Closed zhezhenwang closed 2 years ago
hello @zhezhenwang! Assuming none of the other parameters in the function have been altered, you should get the same results unless you specify background = 'genome'
. Is this the case? There, background regions with similar GC composition to foreground are randomly sampled from the genome. You can make it reproducible by setting a seed as shown here https://fmicompbio.github.io/monaLisa/articles/monaLisa.html#vsgenome. The seed is set in the function from the BiocParallel
package. Let me know if you still have problems!

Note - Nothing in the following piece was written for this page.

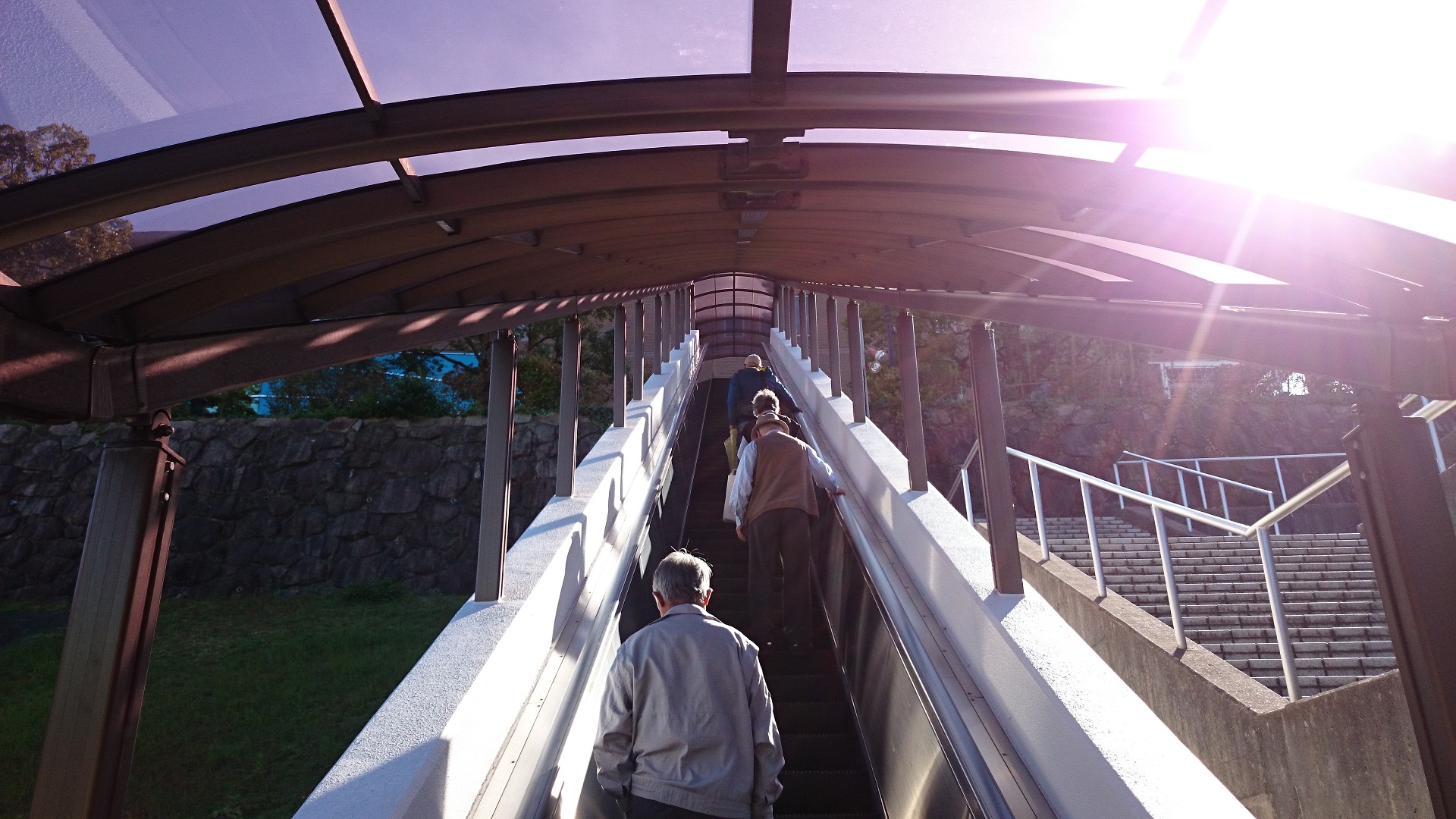 - At the up side of the escalator, the building No.27, the university hall is in front of there.

Hi @machlabd Thanks for that prompt reply! Yes, I'm using background = 'genome'. I'm wondering if there is a way to measure the enrichment in a more stable manner. Because I ran through the analysis several times obviously without set.seed and saw very different results. We are expecting to see KLF family show up, and in some cases, the result is full of them
In others, none
So that makes me wonder if I can trust my result or not. I know this is also the case for homer where they use random sequences as background to test against, so probably not an easy problem to solve, but just in case if you have any thoughts on this.
Aside from that, the tool is working great and is easy to implement! Thanks for the hard work!
Hello! Yes, that is an important thing, to have a reasonable set of background regions, and it can indeed result in very different outcomes if the background set is not a good match to the foreground in terms of nucleotide composition. There is unfortunately no single easy answer for this but to try to manually define a reasonable background set. I would try to pay attention to the following:
1) when using background = 'genome'
, do you see a warning message coming up saying that the selected background regions do not match the foreground well in GC composition?
2) Is it possible to limit the random sampling of background to parts of the genome that you think make more sense in terms of nucleotide composition similarity to the foreground set you have? If so, you can specify this in the genome.regions
argument of calcBinnedMotifEnrR
.
3) do some diagnostic plots to look at overall dinucleotide composition differences between foreground and background regions. In monaLisa
we provide the plotBinDiagnostics
function. Since you are using background = 'genome'
you can specify the bins
argument as a factor the same length as the seqs
with two levels: foreground and background. I would compare this plot to the motif enrichments you get. As an example, if the motifs that are enriched are GC rich, and your background regions are GC poor, it is worth making sure your background sequences are similar in GC composition to the foreground and then seeing if GC rich motifs are still enriched after accounting for this.
4) try manually defining background regions using the nullranges
package mentioned here in the vignette https://fmicompbio.github.io/monaLisa/articles/monaLisa.html#vsgenome and use them as a second bin in calcBinnedMotifEnrR
, which will give you more control over the used background.
I hope this helps in some way. I'm glad the tool is helpful for you and thanks for your feedback!
Hi @zhezhenwang, I will close this issue for now. Feel free to re-open it if you have more questions.
Hi, I'm running a motif enrichment analysis against the background, using the code in the vignette and it seems calcBinnedMotifEnrR gets me a different result each time I run it. Is this something to be expected?